As far as the corn sighs, every bit of darkness is in its own courtroom.

Another boyfriend she had, before the husband and the children, that dead sister in the imagination of the imaginary Carlos, a man who had followed her through elementary school named Cooter, a local Carlos knew nothing about except which day of the week she visited him and told him to ignore her the rest of the week.

What had Carlos done when suddenly she had every day of the week free? Why was there someone working as a janitor years later in the same school with a dog that answered to her name?

Flaccid trucks of the possible wander through Amen and parlor games, clogging humid gazebos with improperly conceived left-hand turns. Wanted his nasty parts, the strumpet. I have several of them, and they all are valuable though I don't seem to be able to adjust to what they're used for.

Crop Dusters 4 Jesus and a lizard named Pork.

Drifting off in Starlingtown.

Will I ever be worthy of my shadow, whonk whonk?

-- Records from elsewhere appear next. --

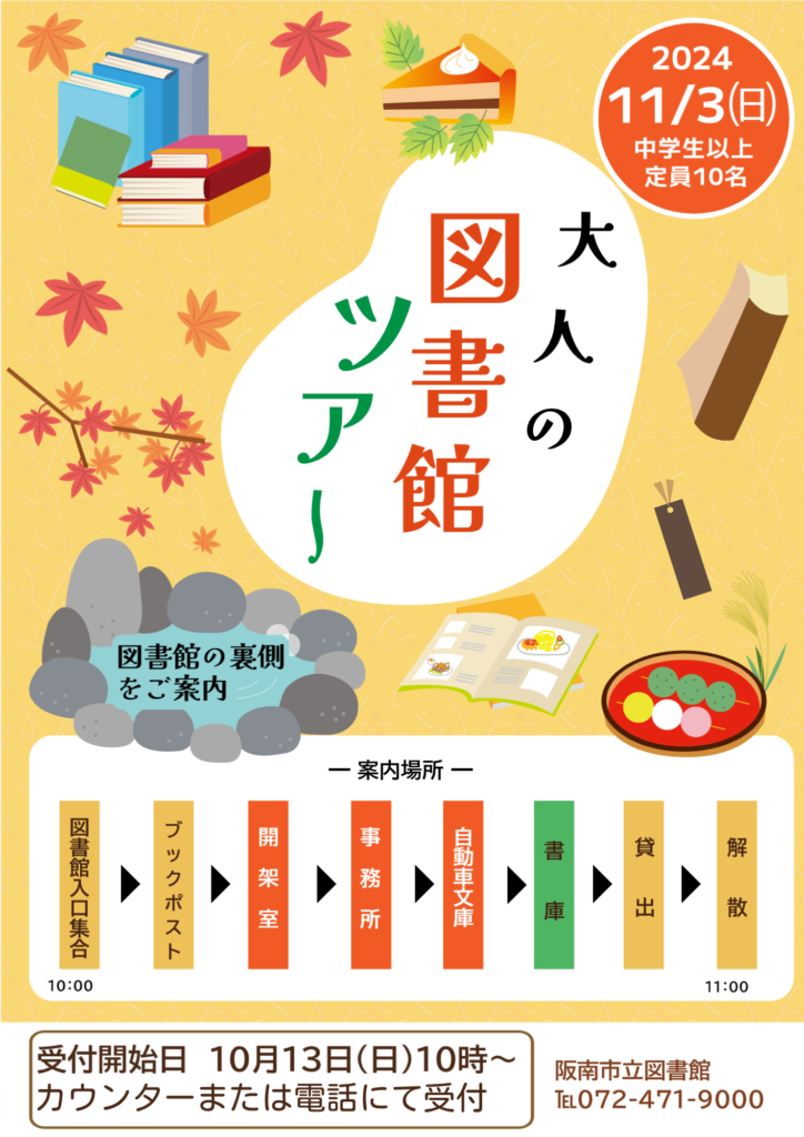 申込は10月13日(日)10:00~、図書館カウンターまたはお電話にて受付します。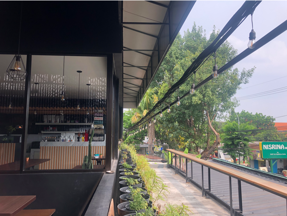 Telulas Cafe berada di atas bangunan Telulas Barbershop, cafe ini terlihat mungil di tepi jalan namun tetap terlihat estetik.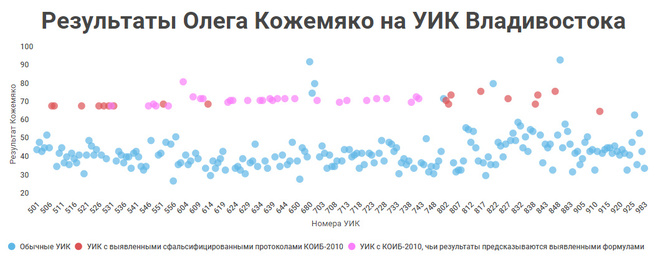 Подробнее. По данным «Голоса», скоординированные фальсификации проходили на 47 из 80 участков с КОИБ-2010: итоговые протоколы с этих участков имеют несколько признаков подделки и все фиксируют результат Кожемяко выше среднего по региону.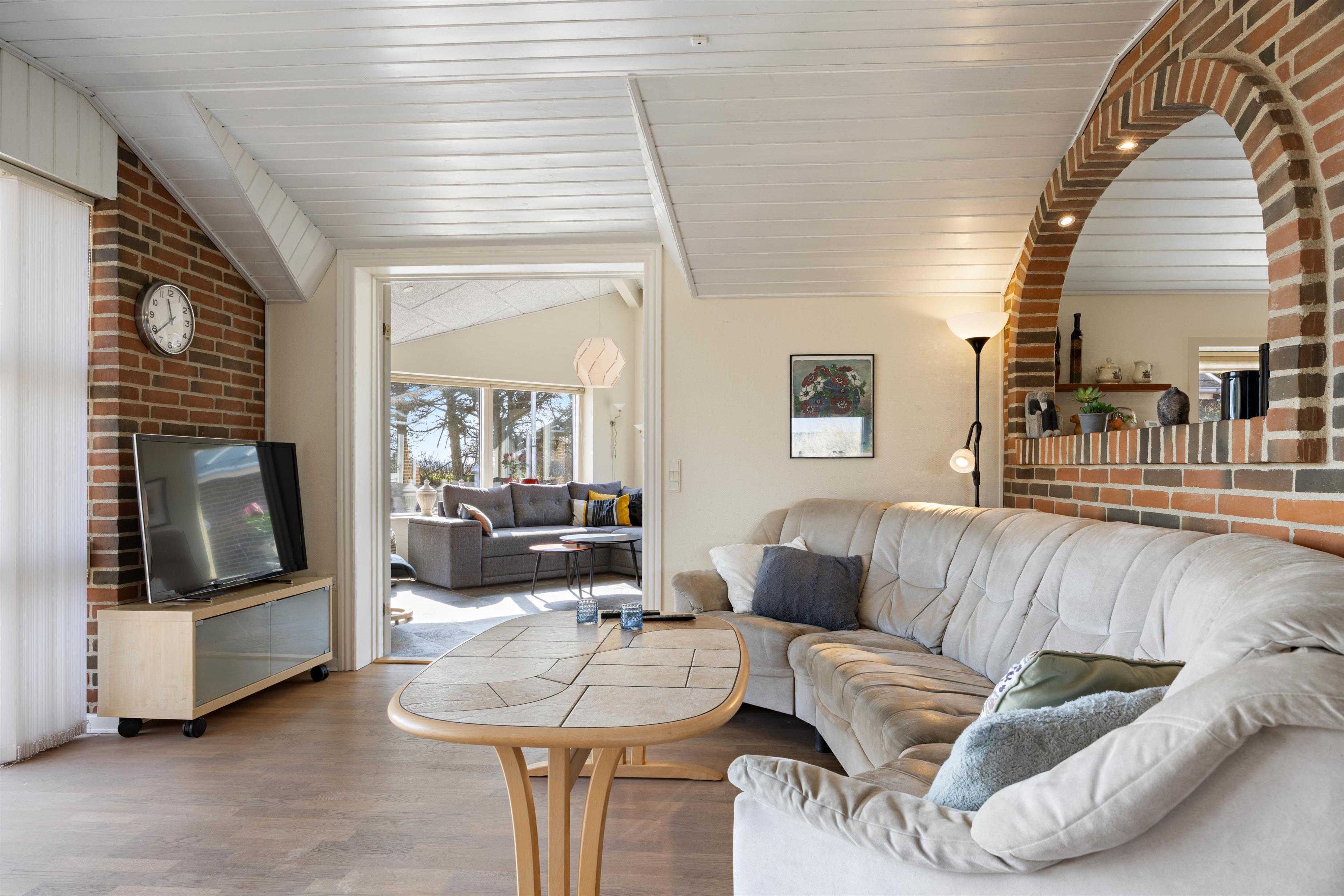 Det 132 kvadratmeter store murstenshus rummer god plads til 6 personer og er hyggeligt indrettet med fine detaljer og varme farver. Den klassiske brændeovn tilfører ekstra charme og feriestemning og sørger for god varme hele året rundt. Med jeres egen sauna kan I forkæle jer selv med lidt ekstra wellness på ferien.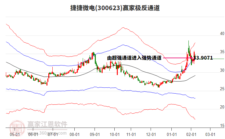 目前捷捷微電最高價35.57挑戰(zhàn)了贏家極反通道工具上方紅色外軌線,受到上方紅色外軌線強力壓制,最終收盤停留在在上方紅色外軌線與藍色外軌線上方的超強通道區(qū)域。捷捷微電近10個交易日漲幅10.74%。

I was eating coque au vann with Carlos when she said it, and my face and I were livid with a memorization sequence for the history of the common housefly, but deadpan isn't really neutral, I was thinking.

Too far away from the junkyard now for my car to find itself and something delicately balanced arrived.

My dustpan needed dusting.

*

I meant to say how comfortable I have become with the moment, which is all you have left when you become as forgetful as I have become. The moment changes, moment by moment, so to speak, which makes each moment valuable, but not as unpredictable as you might think. You get a feel for the next moment, and maybe that comes from getting more forgetful about the last one, so that the coming moments seem fresher, even if they aren't, from their lack of similarity to anything you can remember.

For example, I don't remember the name of a drink, but I remember that I drank it. I might refer to it as that drink that made me feel like I thought X did when it really was called Y. Actually, it was something I observed happening to Z, who remembers it differently, in a way more advantageous to his perception of himself, which we both might remember having laughed about when actually we hadn't. The difference is that Z remembered it wrongly, and I simply forgot it, except for a feeling I thought I might have had, which I used to create a story to describe it, using just enough detail to make the description plausible. Which may be better than any truth that might persist in the details of its questionable appearance.

And I forgot to tell you about the time I traded punches with a very tough dwarf on a trawler off the Gold Coast back in '97. If I hadn't forgotten to tell you, I probably would have forgotten to tell you the story isn't true. Unless I forgot that it really happened and just began to think of it as a story, which happens to a lot of things in life, maybe most of them. Which reminds me of what I should have told you about the moment. I've come to believe that it's necessary to reshape yourself using the way you remember what happened. It's a kind of exchange that goes on between reality and understanding, only if you forget, like I do, you tend to get the essence of the forgotten moment without the moment itself. I'm not sure how this is possible, but it allows me to feel as if I haven't really lost anything.